バッドガイズ観てきた
初めてnote使います。
公開から二週間経つのでこちらでも解禁しちゃおう。
展開とかネタバレありです。
冒頭、いきなりパルプフィクションのオマージュから始まるバッドガイズ。
因みに私はパルプフィクション未視聴ですが、軽妙な会話で洋画の雰囲気満載なのはわかりますのでパルプフィクション知らなくても全然わくわくできますので大丈夫です。笑
そう、洋画が始まった雰囲気なんですよね。
のちに重要ポイントになる巨大隕石の新聞記事から視線が動いていき、小気味良いウルフとスネークの小気味良い会話劇からの銀行強盗への転換まで、長回し映像のようにワンカットで進むのが観る側の視線を画面から離さない上手い演出!
気が付くとずーっと画面を追っているので自然とバッドガイズの世界へすっかり吸い込まれているというわけです。
そこから一気にマックスへギアチェンジしてアップテンポかつハイテンションなカーチェイスが始まり、そのテンポに乗ったままウルフによるバッドガイズの紹介シーン。
これは原作の要素も落としてありつつ、ルパンが始まった!
バッドガイズたちに余裕ありつつも起きた現象に自分達で驚いて大騒ぎするのとか面白いし、その中でも緩急をうまく散りばめたシーン展開。
最後のガイズが虚無顔でシートベルトするシュールさも可愛らしい。(今かよ!みたいな)
基本5体のリアクションを揃えてあってそこもとても画面が締まってみえるポイントなんだろうなぁ。
あと合わせて息を呑むリアクションが多いのも上手いなと。
わあ!って言うより空気がひゅっ!と締まるからすごく緩急が付いてみえるんだよね。
それまでのスピーディな映像からアジトに戻った途端、悪いヤツらなのに楽しそうにお誕生日パーティっていうのも意外で親近感が湧くし、その中でもやっぱり全力で喧嘩してるのがバッドガイズな雰囲気満載。
ウルフの一声でTVに駆け寄り自分達へのコメントに一喜一憂したりして彼らの関係性や日常感を見せながらもうまく状況説明も絡めていくテンポの良さ。
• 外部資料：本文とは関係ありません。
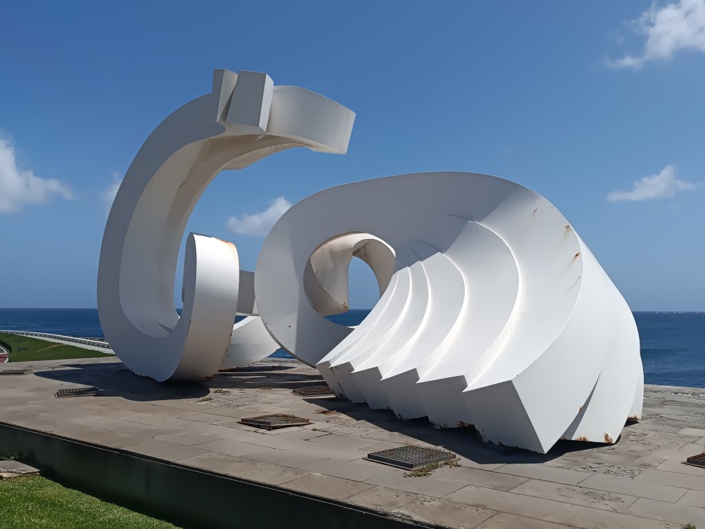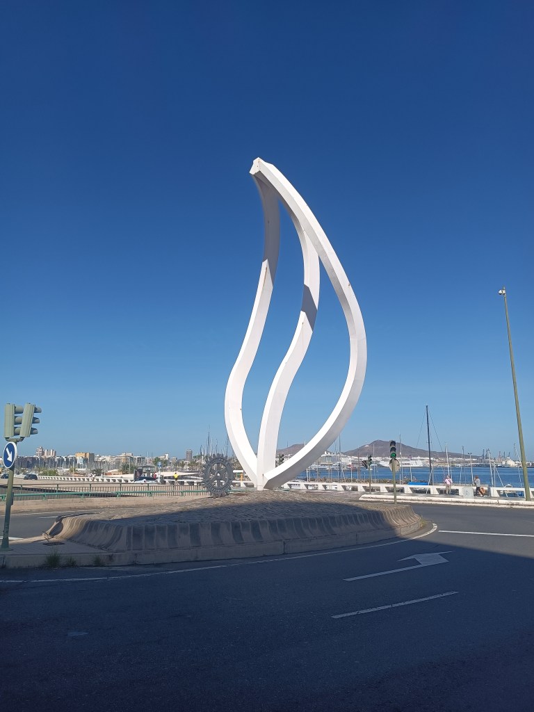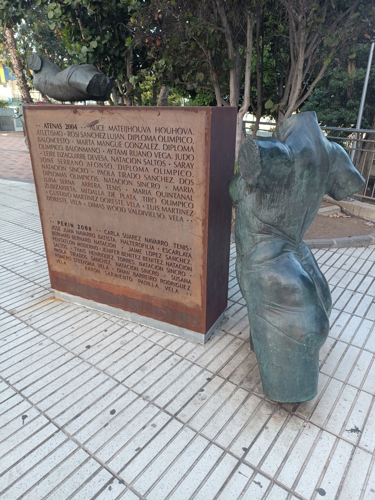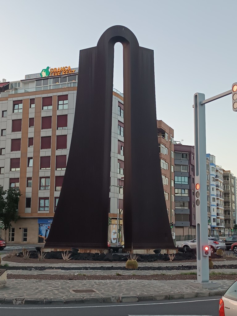 The next sculpture also sits inside a roundabout. It represents a big iron gate, and, unsurprisingly, its name is La Portada (“The Gate”). You should stop here for Chapter 8. The marina (Muelle Deportivo) and its Escolleras Jetty are right there, adjoining the Alcaravaneras beach, on the city’s port side. If you miss the stop, don’t worry, just alight at the Club Náutico and walk back. There are more sculptures there saluting the Canarian Olympians, most of them, naturally, in sailing.

ウェブスの投票しちゃった!のくだりとか、何気なくちゃんと世間体持って生きている彼らが垣間見れてよかったな。
今回の事の発端からの授賞式潜入という流れがモタつかず、説明過多にもならないので観ていてとても展開のスピードが気持ち良い。
潜入作戦、ここでバッドガイズの面白いところなんだけど、どうやら変装すると他の人間と同じように見える、という法則で成り立っているらしく、その法則のお陰で細かいことに変に突っ込むことをしないで済み、かつ、その強引さに笑えるというのがまたうまいな、と。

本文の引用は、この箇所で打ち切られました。